By the time Tsadi fell, Ayin was already gone. Day was, for many, a final respite. The inhabitants did their work collecting butterflies, making jars, and sending boats out to the clouds. Shards would fall but were ignored. Sometimes one could forget what had happened. Sometimes one could ignore how Ayin slept for longer and longer periods until he didn’t wake at all. Sometimes one would call the realm by a new name before falling asleep. The Daylight Prairie was the last known realm to fall.

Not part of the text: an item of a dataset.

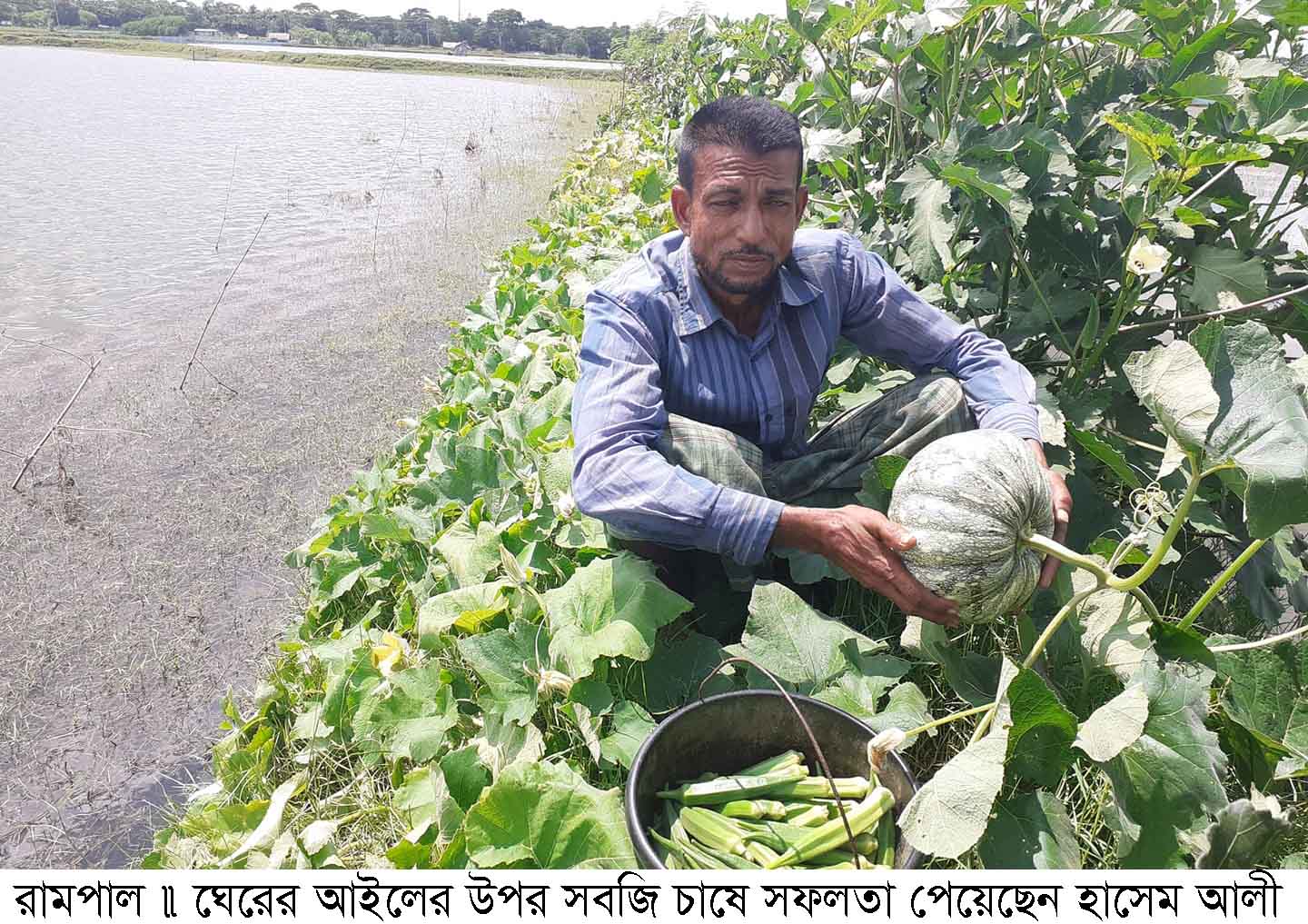 পুজি নিয়ে ৩ বছর ধরে বিভিন্ন প্রকার শাক-সবজি চাষ করে আসছেন। তার দেখাদেখি অন্যরাও উদ্ভদ্ধ হয়ে আইলের উপর সবজি চাষ শুরু করেছেন। সরোজমিনে উপজেলার গৌরম্ভা ইউনিয়নের চিত্রা-খামঘাটা গ্রামে গিয়ে দেখা যায়, হাসেম আলী তার সবজি বাগান থেকে সবজি তুলছেন। তার কাছে জানতে চাওয়া হয় তিনি কি কি সবজি লাগিয়েছেন। এ সময় তিনি বলেন, আজ (রবিবার) খেত থেকে মিষ্টি কুমড়া, ঢেঁড়স, ঝিঙ্গা, লাউ ও ধুন্ধল তুলছি বিক্রির জন্য। এসব বিক্রয় করে তিনি প্রতি সপ্তাহে আড়াই থেকে তিন হাজার টাকা আয় করেন।
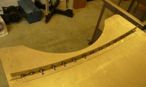 Now that the Burlington based team has completed their work on the steam engine’s tender, they have been working on assembling the cab which is now almost nearly complete. In the above pictures we find Pat in action fastening the cab sides to spectacle plate. This work should be finished tomorrow. At that time, the tender and the cab will be sent out for painting using a powder coating process.

No one truly knew what happened to Lamed and her realm of Night. The great library was sealed off with all its scholars and a handful of refugees inside. It became an impassable Vault. For all the knowledge it contained, no one heard anything from the king’s old advisor and scribe. Lamed was the one who reliably provided answers, yet she was silent and her Vault offered no help.
Of all the changes wrought on the kingdom’s people, it was the children who changed the most. Eden’s fall affected them in ways we couldn’t understand. They developed a new symbiosis with light that we could only dream of. They craved sources of light. Fires, torches, massive stacks of candles, anything that gave light attracted them.
Unfortunately, this attraction to light drew them to Eden’s Storm.
Day after day, children would pour through Eden’s gates and throw themselves into the darkness to reach the eye of the Storm. Their husks became as numerous as stars and neither their guardians nor their peers were able to stop them.
Eventually the realms fell silent. Shining children appeared, always gazing at Eden. The storm raged and the broken crystal erupted with the forgotten king’s Flame.
Then one day, many years later, when the realms were all but forgotten and their lost lights were all but embers, a little star fell to the outskirts of the kingdom.